For a cyclic polygon with an odd number of sides, all angles are equal if and only if the polygon is regular. In a cyclic polygon that has an even number of sides, all angles are equal if and only if the alternate sides are equal (that is, the sides 1, 3, 5, … are equal, and the sides 2, 4, 6, … are equal). ^{[17]}

A cyclic pentagon with rational sides and area is known as a Robbins pentagon; In all known cases, its diagonals also have rational lengths.

In any cyclic *n* -gon with even *n, the* sum of one set of alternate angles (the first, third, fifth, etc.) is equal to the sum of the second set of alternate angles. This can be proved by induction from the *n* = 4 case, replacing one side with three more sides in each case and noting that these three new sides together with the old side form a quadrilateral which itself has this property. it occurs; The alternate angles of the subsequent quadrilateral denote the sum of the alternate angles of the previous *n -gon.*

Let one *n* -gon be inscribed in a circle, and let the second *n* -gon be tangents to that circle at the vertices of the first *n -gon. *Then the product of the distances from any point *P* on the circle perpendicular to the sides of the first *n* – gon from *P is equal to the product of the perpendicular distances from P* to the sides of the second *n* – gon.

**Point on the circumcircle**

Let the vertices on the unit circle in _{a cyclic }*n -gon be A *_{1} , …, *A *_{n} . Then for any point *M on the* minor arc *A *_{1 }*A *_{n} , the distance from *M* to the vertices satisfies

For a regular *n* -gon, if the distances from any point are the circumcircle to the vertices , then *MA _{i}*

{\displaystyle 3(MA_{1}^{2}+MA_{2}^{2}+...+MA_{n}^{2})^{2}=2n(MA_{1}^{4) }+MA_{2}^{4}+...+MA_{n}^{4}).}

**Polygon rotation constant**

Any regular polygon is cyclic.
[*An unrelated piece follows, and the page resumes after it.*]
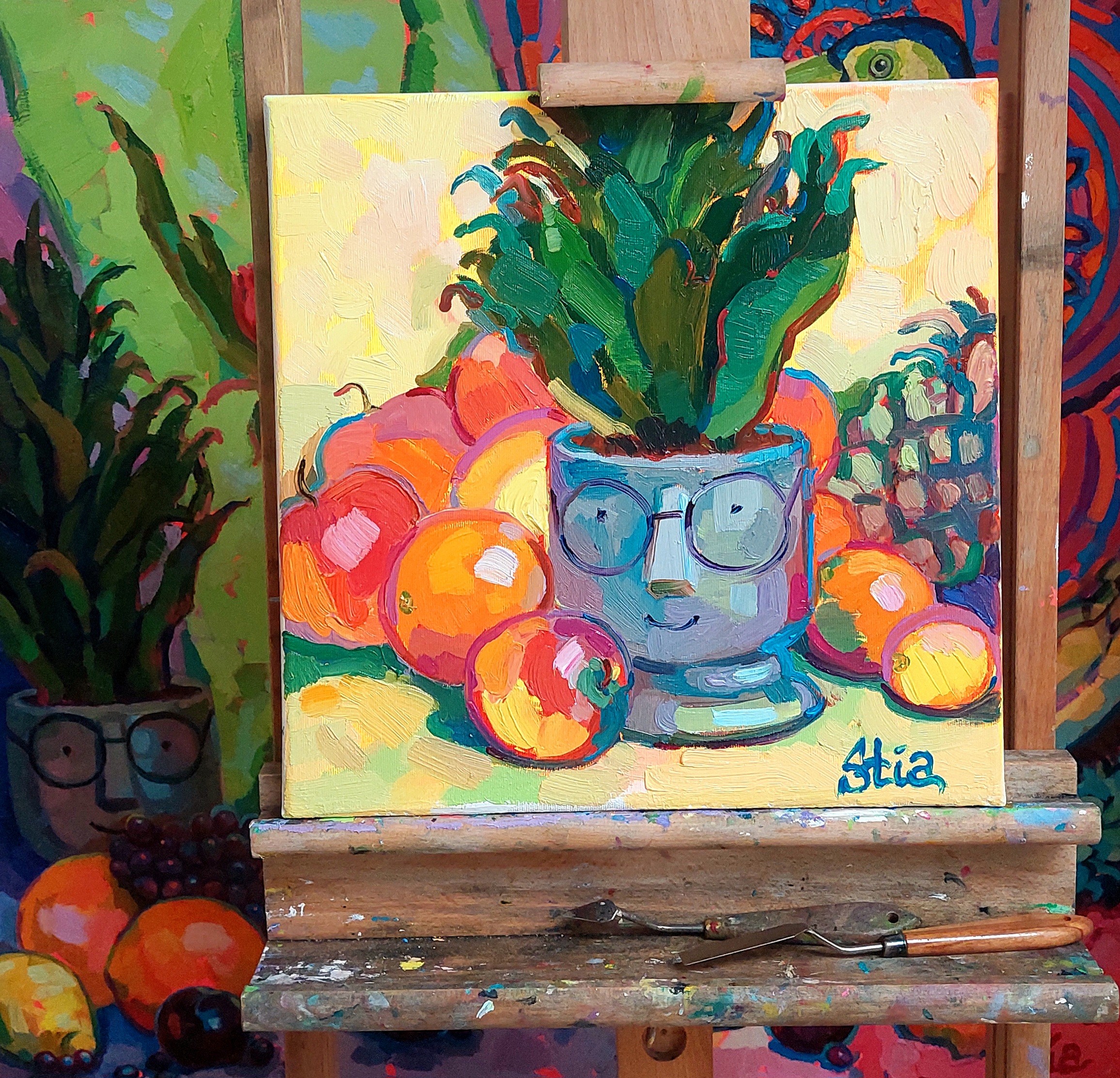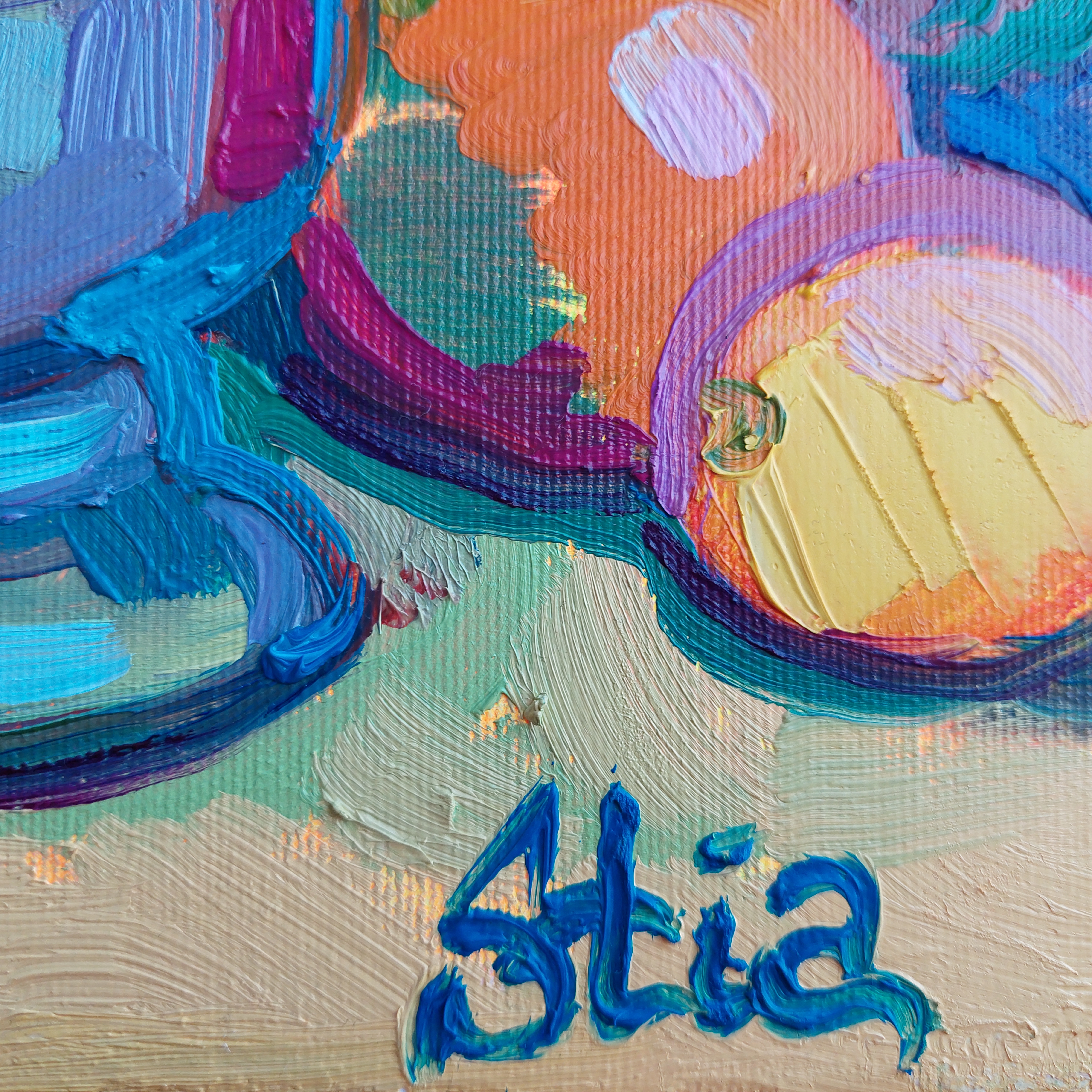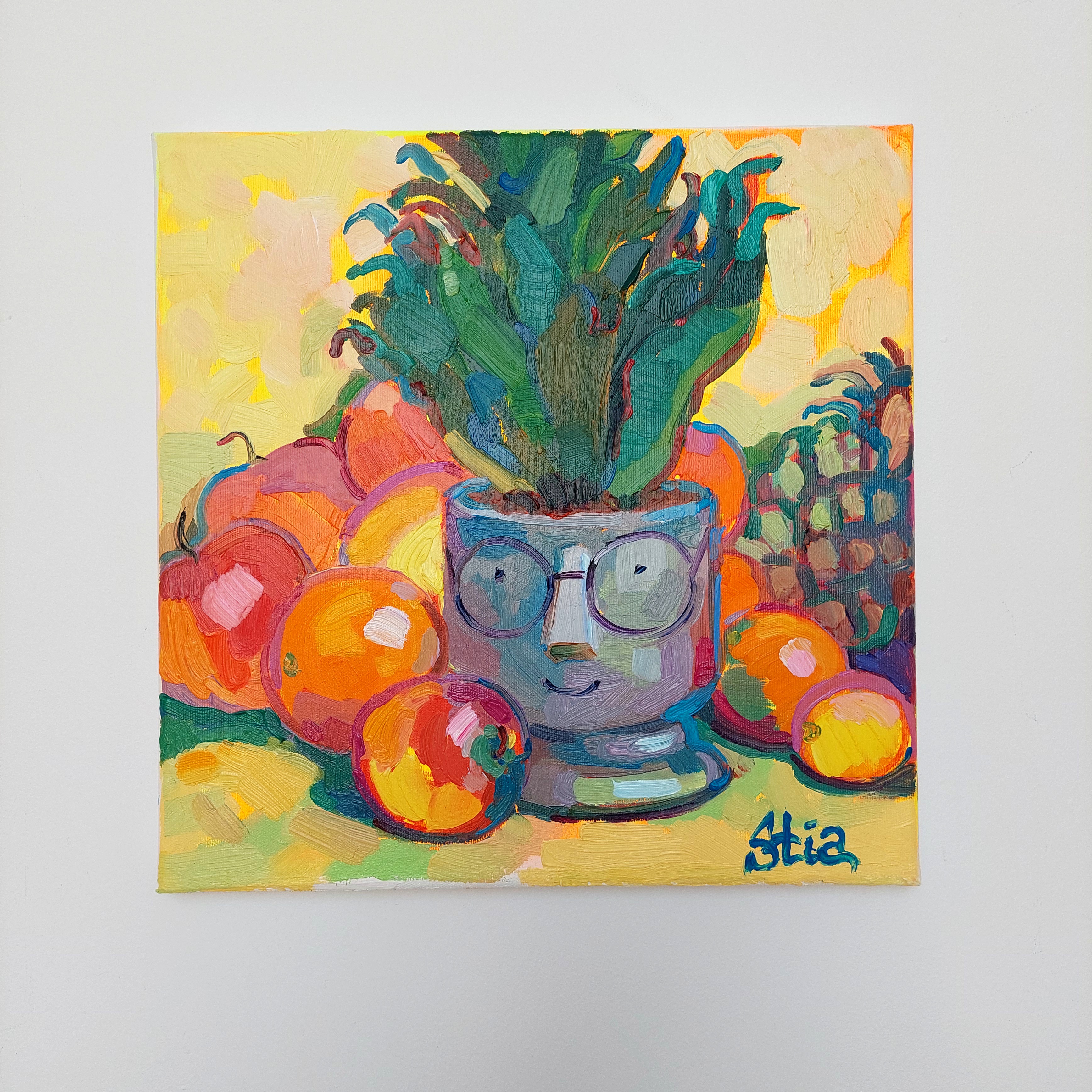 Martwa natura emanuje radością, jakby sama natura uśmiechała się ciepło do widza. Intensywne barwy owoców przywołują światło słoneczne, które rozgrzewa serce. Każdy element kompozycji, starannie ułożony w harmonii, zdaje się ucieleśniać czystą i prostą radość. To prawdziwa chwila zachwytu zatrzymana w czasie — pełna ciepła i światła, wywołująca uśmiech u każdego, kto na nią spojrzy.

Consider a unit circle, then circumscribe a regular triangle such that each side touches the circle. Circle a circle, then circle a square. Circle a circle again, then circle a regular 5-gon, and so on. The radii of the circumscribed circles converge *in the so called polygon which operates the constant*

{\displaystyle \prod _{n=3}^{\infty }{\frac {1}{\cos \left({\frac {\pi }{n}}\right)}}=8.7000366\ldots .}

(Sequence A051762 in OEIS ). The inverse of this constant is the Kepler–Bauwkamp constant.